**What to work on:** Copying rule for the data below: pictures stay out, and only the lines from the one with "2025年8月23日,新加坡学者林少彬在位于新加坡的家中查看资料。(舒畅 摄)" down to the one with "Aktuálně převažuje většinou", inclusive, are repeated exactly.

**Data for this exercise:**
============
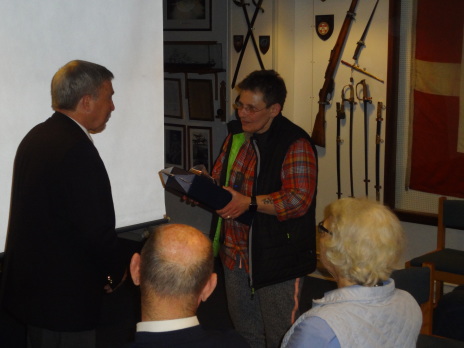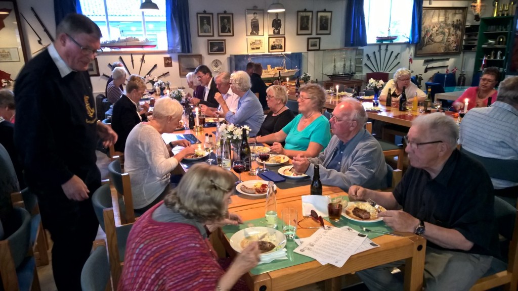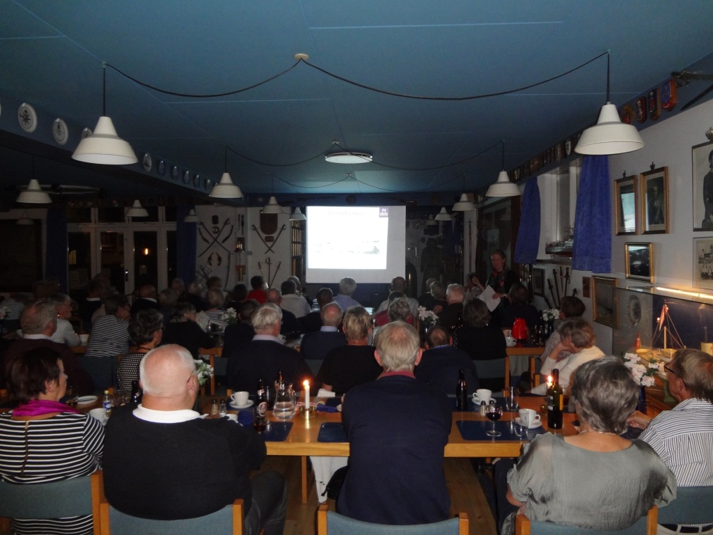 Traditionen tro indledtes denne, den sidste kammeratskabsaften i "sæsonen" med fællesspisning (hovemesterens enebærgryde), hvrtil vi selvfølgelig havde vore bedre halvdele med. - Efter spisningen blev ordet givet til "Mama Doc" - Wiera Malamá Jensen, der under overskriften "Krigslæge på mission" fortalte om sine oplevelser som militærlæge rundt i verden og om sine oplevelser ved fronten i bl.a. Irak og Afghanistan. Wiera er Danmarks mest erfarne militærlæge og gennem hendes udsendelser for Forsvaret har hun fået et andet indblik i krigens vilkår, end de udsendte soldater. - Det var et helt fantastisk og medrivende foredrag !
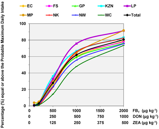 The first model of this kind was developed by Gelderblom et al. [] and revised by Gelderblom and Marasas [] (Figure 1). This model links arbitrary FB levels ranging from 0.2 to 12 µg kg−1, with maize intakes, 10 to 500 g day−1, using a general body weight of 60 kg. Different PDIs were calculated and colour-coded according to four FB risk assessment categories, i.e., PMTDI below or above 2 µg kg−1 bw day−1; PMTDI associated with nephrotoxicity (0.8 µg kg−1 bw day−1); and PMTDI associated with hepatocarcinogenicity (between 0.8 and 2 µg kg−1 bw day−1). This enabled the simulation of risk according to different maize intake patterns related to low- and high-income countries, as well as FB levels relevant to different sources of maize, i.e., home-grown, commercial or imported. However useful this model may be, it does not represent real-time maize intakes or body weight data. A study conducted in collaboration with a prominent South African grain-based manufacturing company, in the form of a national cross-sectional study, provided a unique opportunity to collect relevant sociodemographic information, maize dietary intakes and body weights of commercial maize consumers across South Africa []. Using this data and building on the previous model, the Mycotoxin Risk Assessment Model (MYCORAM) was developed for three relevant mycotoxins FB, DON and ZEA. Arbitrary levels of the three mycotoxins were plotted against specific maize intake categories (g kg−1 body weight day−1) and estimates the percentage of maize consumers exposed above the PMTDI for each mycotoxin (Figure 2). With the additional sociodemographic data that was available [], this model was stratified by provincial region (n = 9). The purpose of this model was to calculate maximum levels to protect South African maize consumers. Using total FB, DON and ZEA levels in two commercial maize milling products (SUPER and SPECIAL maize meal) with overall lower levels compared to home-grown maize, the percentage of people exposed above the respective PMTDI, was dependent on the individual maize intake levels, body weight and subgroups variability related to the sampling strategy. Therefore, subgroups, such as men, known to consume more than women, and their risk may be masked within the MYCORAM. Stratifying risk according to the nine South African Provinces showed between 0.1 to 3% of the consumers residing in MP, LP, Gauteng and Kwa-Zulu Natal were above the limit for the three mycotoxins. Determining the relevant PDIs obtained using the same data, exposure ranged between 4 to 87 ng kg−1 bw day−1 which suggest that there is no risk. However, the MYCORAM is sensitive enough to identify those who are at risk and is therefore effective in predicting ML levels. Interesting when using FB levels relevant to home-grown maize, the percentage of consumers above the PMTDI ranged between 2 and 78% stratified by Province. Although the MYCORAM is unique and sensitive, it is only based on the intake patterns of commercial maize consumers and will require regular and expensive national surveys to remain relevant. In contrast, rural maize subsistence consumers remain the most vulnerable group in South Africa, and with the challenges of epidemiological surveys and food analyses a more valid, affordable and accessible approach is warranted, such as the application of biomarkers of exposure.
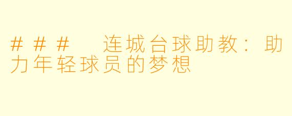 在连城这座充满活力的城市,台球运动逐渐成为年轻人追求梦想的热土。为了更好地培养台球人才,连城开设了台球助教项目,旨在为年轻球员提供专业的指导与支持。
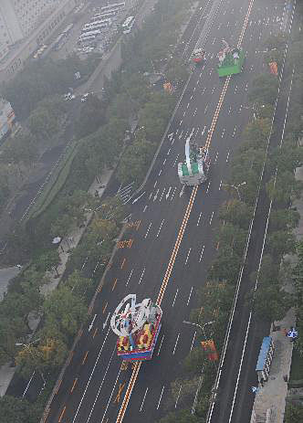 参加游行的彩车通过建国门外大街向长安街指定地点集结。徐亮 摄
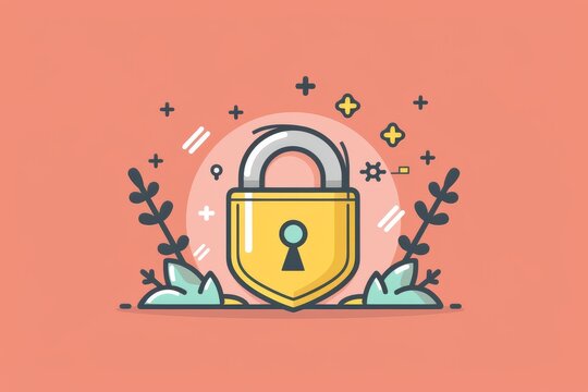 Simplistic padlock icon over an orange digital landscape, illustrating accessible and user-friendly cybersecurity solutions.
============
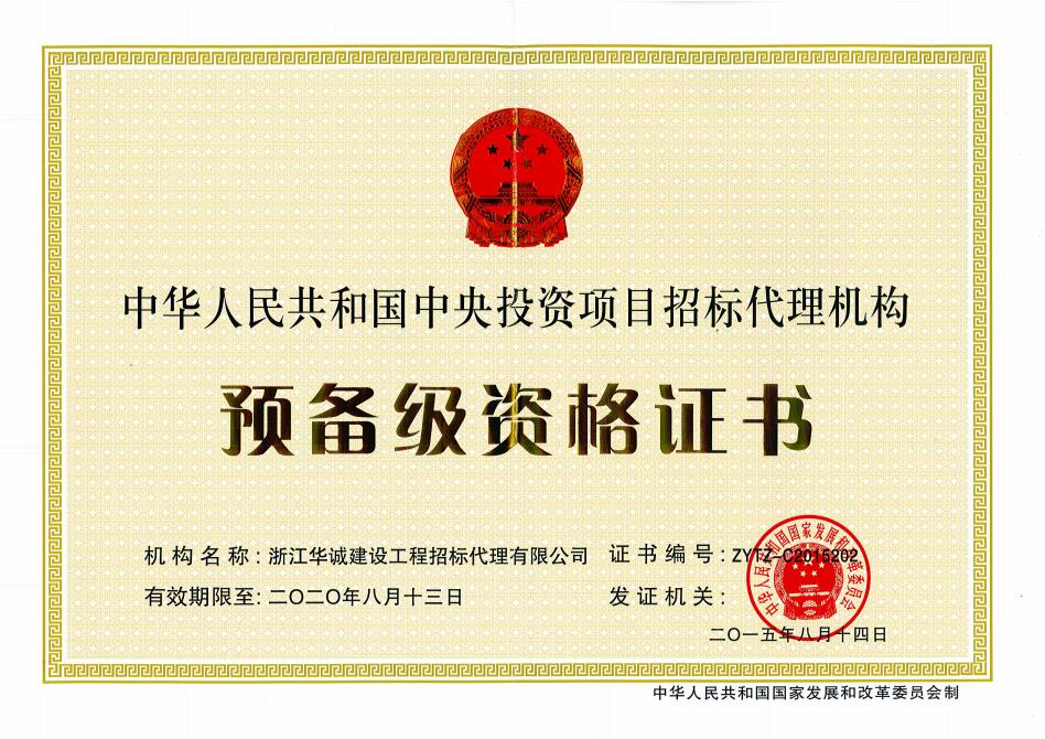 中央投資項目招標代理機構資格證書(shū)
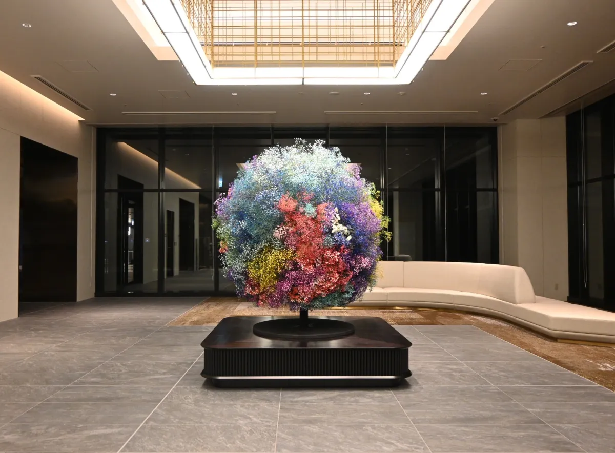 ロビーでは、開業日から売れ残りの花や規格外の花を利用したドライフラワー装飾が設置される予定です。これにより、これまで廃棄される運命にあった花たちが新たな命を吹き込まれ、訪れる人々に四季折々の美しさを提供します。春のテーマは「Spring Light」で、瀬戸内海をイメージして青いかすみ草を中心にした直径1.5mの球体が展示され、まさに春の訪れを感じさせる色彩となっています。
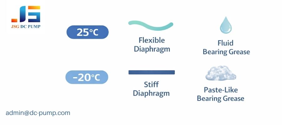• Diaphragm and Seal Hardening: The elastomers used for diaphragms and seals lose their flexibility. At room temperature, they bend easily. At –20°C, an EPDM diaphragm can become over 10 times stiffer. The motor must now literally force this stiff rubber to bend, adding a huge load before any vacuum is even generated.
============
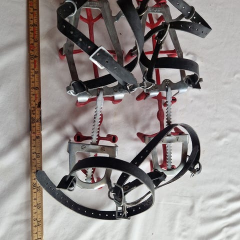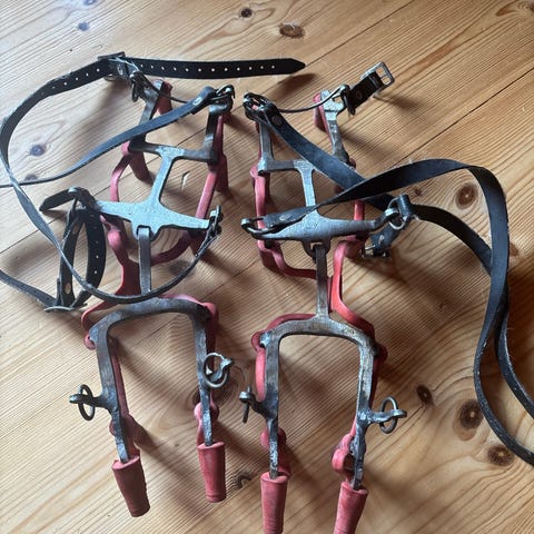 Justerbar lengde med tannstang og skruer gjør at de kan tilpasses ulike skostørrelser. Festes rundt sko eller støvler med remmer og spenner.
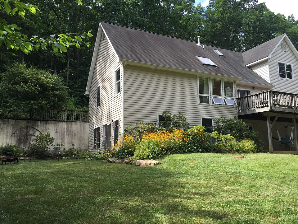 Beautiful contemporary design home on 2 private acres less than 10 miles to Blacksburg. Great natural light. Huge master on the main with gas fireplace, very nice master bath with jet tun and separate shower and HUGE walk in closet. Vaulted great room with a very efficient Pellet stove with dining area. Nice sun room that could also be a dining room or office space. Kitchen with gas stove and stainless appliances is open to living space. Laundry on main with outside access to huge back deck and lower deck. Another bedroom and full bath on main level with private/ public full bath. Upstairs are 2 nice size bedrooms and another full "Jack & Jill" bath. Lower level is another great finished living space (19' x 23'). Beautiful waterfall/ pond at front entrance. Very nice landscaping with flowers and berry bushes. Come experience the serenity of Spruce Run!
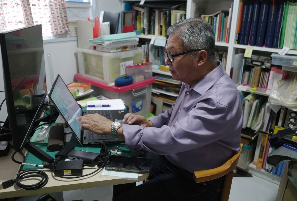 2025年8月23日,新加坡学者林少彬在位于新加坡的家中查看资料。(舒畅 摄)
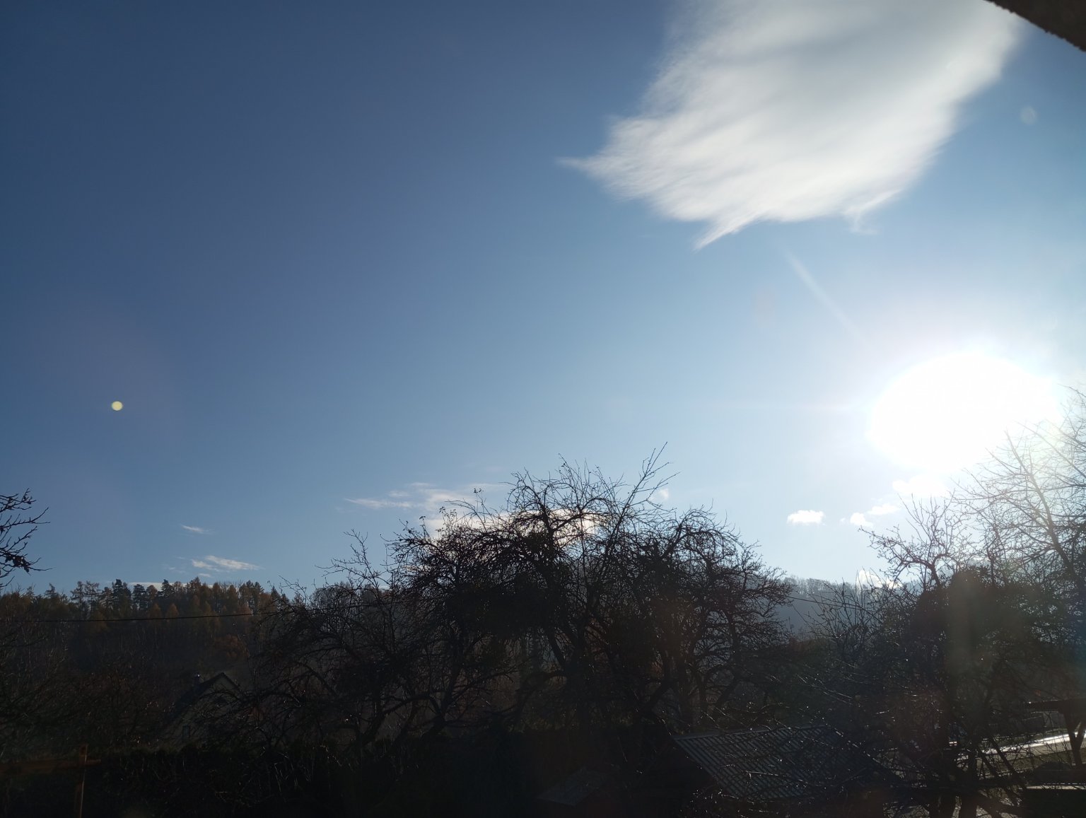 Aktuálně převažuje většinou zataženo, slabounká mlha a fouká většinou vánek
============
**Solution to this exercise:**
 2025年8月23日,新加坡学者林少彬在位于新加坡的家中查看资料。(舒畅 摄)
 Aktuálně převažuje většinou zataženo, slabounká mlha a fouká většinou vánek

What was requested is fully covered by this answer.